The more detailed version is this (only because I feel compelled to share. ;)
I eat meat. I love it, I eat it daily. I tried to be vegetarian ages ago and was miserable... so the only time I'm a veg is when I'm eating my side dishes.
No, my meat isn't grass fed, free range, sustainably grown. I get the quality I can afford, which usually means commercially raised. While I'm moving towards higher and higher quality all the time, and my heart goes out the horrible conditions critters are raised in, I'm not at a place where I can spend $30 on a chicken or a beef/pork roast, or $6 for a dozen eggs... If someone wants to gift me with a side-o-free range critter, I'll make room in the freezer. Throw in nitrate free bacon and I'll give you my first born. (Ok, he's getting up there in years, and kinda cranky... and furry... but he'll warm up to you eventually. ;)
Fruits & Veggies - love 'em, and find new ones to love all the time. Sometimes I'll shop from the organic section at the store, but most times I get the regular produce that's most likely covered in pesticides, but I do know that most of my produce hasn't traveled more than a few hundred miles, rather than thousands. I'm not low carb by any stretch, but it's low enough to keep my insulin levels stable.
Speaking of carbs, yeah, I eat bread and some other grains, but they're the exception rather than the rule. I make my own bread and baked goods that are full fat, full sugar, and full flavor. The only time I have any regret for for eating them is when I've had more than my body can handle and I pay for it... luckily that's a rarity, and it certainly doesn't make me primal by any stretch.
Fat - LOVE IT! I'm certainly not one who bought into the low fat lie for long. Like trying to go Veg, I dipped my toe in the low fat lake for a bit, only to have seriously messed up energy levels and have my blood sugar go completely hay wire. Give me peanut butter, nuts, seeds, coconut oil, olive oil and good old fashioned butter any day of the week.
Speaking of butter, I eat dairy - love me some good quality cheese, the occasional cream in my coffee, and yogurt when I have a hankering for it... So if the consumption of grains didn't kick me out of the Paleo club, this certainly clinches the deal.
There's times when I feel like I'm the worst advocate for weight loss because I couldn't tell you the calorie count of any given food, but I can give you the general breakdown of fats, carbs, and protein.
There's times when I feel like the best advocate for a healthy _lifestyle_ because after a point, the calories and ratios stop being important, and eating to fuel and enjoy a healthy, vibrant life become top priority. Does it make you feel like poo? Stop eating it, or as much of it. Does it make you feel good? Eat enough to keep feeling good, but not too much, or you'll feel like poo.
See... it's all about avoiding the poo. LOL!

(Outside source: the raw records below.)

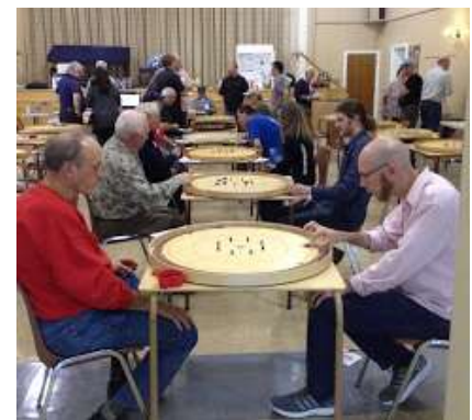
Forest City Preliminary Round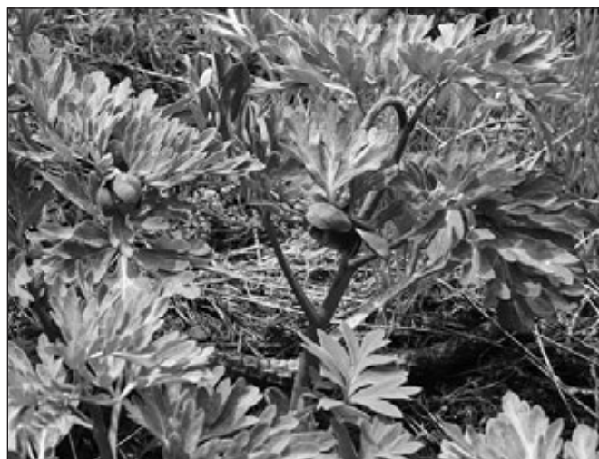
Partially shaded plants of Brown's peony with stout purple-red stems and buds in early spring at the Puffer Butte location.

Of the 50 mature seeds I collected at Green Ridge, 92% were filled and appeared viable. Fully developed seeds are plump and contain a starchy white endosperm and a tiny embryo at one end. Seeds vary in size, ranging from 0.2 to 0.5 inch at their widest diameter.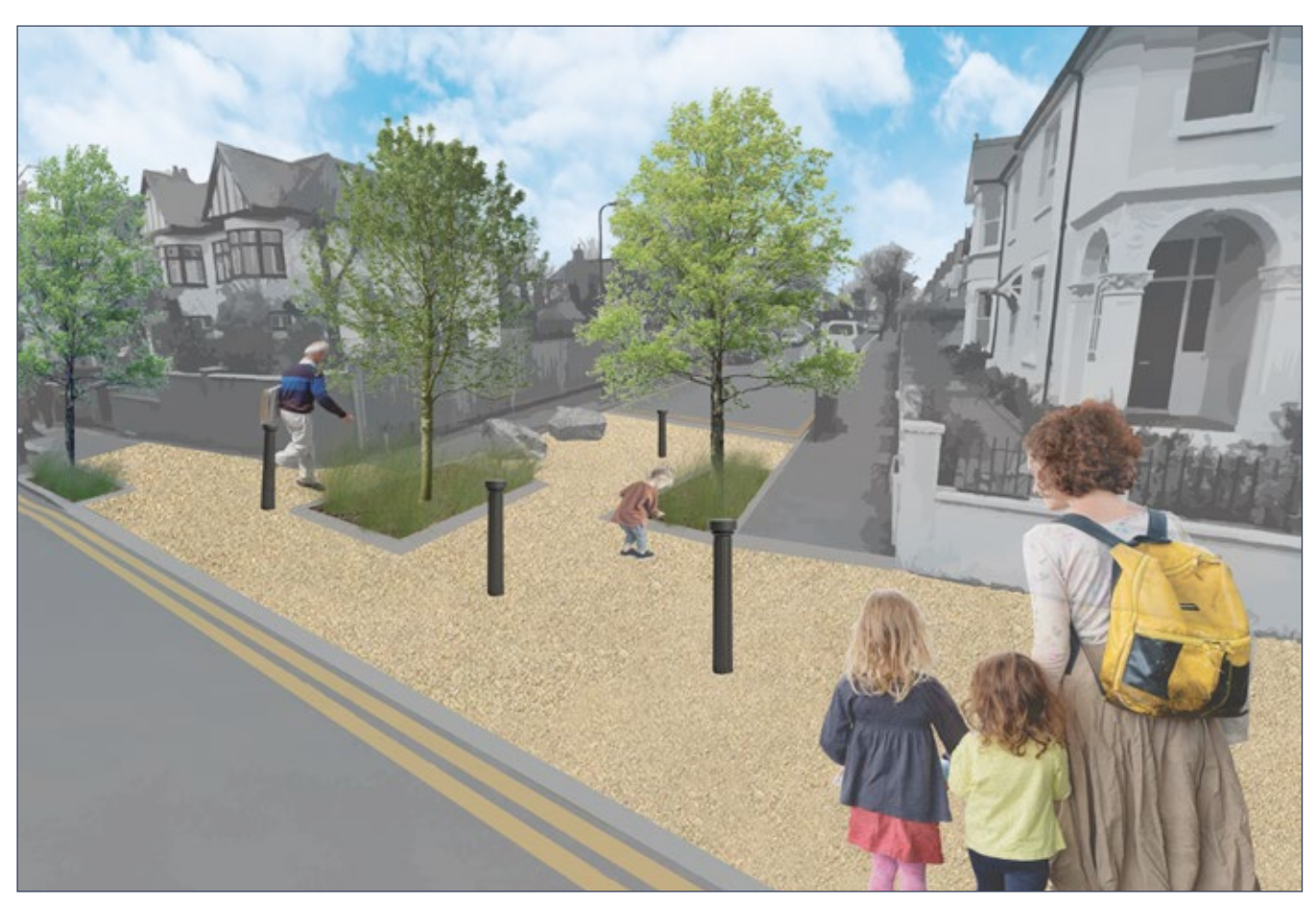
Example of a proposed public realm improvement

I know in reading this, it does sound very apologetic, and it is, but it's meant more as an apology to myself, the part of myself that wants to do everything perfect, to achieve a level of better-than-you-ness... or even just a higher state over better-than-I-am-right-now-ness... It's a means to an end of facing the reality that I'm far but perfect, but doing the best I can. And it's also acknowledging that I'm doing pretty darn good - I've taken the time to figure out what works for me, based on a sustainable foundation that can work for anyone: Eat real food.
The rest are just details.
What about you... what are your basics? Do you prefer to label your style of eating or forge your own path?